Please see the attachment.

Author Response File: Author Response.docx

Reviewer 2 Report

The article titled "Anti-MOG antibody-associated unilateral cortical encephalitis with bilateral meningeal involvement: a case report" reported a rare case of anti-MOG antibody encephalitis (unilateral cortical encephalitis with bilateral meningeal involvement) in an adult patient.  However, there are some problems to be solved.

 

Major points:

1) In figure 1, EEGs shows scatterd sharp wave, but the focus of the sharp wave was not understood only monopolar montage. You should show the bipolar montage about the same EEGs.

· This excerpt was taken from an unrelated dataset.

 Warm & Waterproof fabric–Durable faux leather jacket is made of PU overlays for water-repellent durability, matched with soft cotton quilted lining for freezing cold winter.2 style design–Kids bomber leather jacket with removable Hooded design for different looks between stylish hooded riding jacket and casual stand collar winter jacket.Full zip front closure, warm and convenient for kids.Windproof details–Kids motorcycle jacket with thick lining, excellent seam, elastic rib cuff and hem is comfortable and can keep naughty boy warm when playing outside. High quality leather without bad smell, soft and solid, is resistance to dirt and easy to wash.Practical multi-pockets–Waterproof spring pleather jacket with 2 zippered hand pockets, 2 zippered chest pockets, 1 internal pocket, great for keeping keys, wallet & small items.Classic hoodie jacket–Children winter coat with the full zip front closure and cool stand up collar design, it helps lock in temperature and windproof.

2) P.5,L.30, Discussion: Although the authors argue that the clinical symptoms of the patient included headache, disturbance of consciousness, aphasia, and fever, without optic nerve edema or spinal cord involvement, you have not show othe results of optic nerve function (ex. visual evoked potential (VEP)). The pattern-VEP is useful for early detection for optic nerve disorders and follow-up.

 

3) Although post-contrast MRI of the patient at admission (2 weeks after onset) showed revealed linear enhancement in frontoparietal, temporal and occipital sulci bilaterally, I couldn't find the reason for diagnosing the unilateral cortical encephalitis. Please explain the process of identifing the disease.  

Author Response

Please see the attachment.

Author Response File: Author Response.docx

Reviewer 3 Report

Legend for figure 2 should be rewritten, as it contains duplicated words. In line to this, linear enhancement in frontoparietal, temporal and occipital sulci bilaterally should also be marked with arrows or circlec since the Authors compare the results to these obtained after one year.

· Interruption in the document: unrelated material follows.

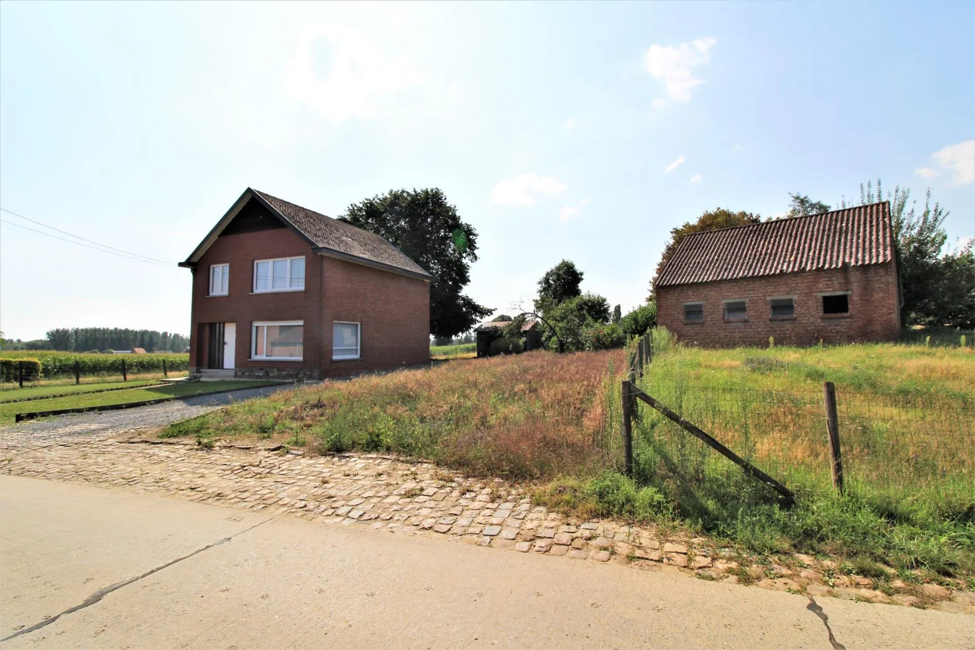 Optie - Te renoveren woning met aanhorigheden, bijgebouwen, loods en een weiland op ca. 85a te Waanrode (Vlaams-Brabant)

The Authors writtent that a high dose of steroids is the first and recommended choice for MOG antibody-associated encephalitis. Therefore, my quiestion is why in this case a low dose was administered? An explanation should be provided. This choice suggests that the Authors twere unsure of the diagnosis

The Discussion section is quite superficial. The Authors should provide deeper discussion based on the literature available, and not simple compare the result.

Also, please insert some possible limitation of the study

Please provide also some information on medical history of the patient. It might be important since recently MOG antibodies encephalitis  was found with related with COVID-19

Author Response

Please see the attachment.

Author Response File: Author Response.docx

Round 2

Reviewer 2 Report

Thank you for your information.

I understood all of them.

Reviewer 3 Report

The Authors have now provided sufficient responses and improved the paper. Therefore, it is now ready to be published.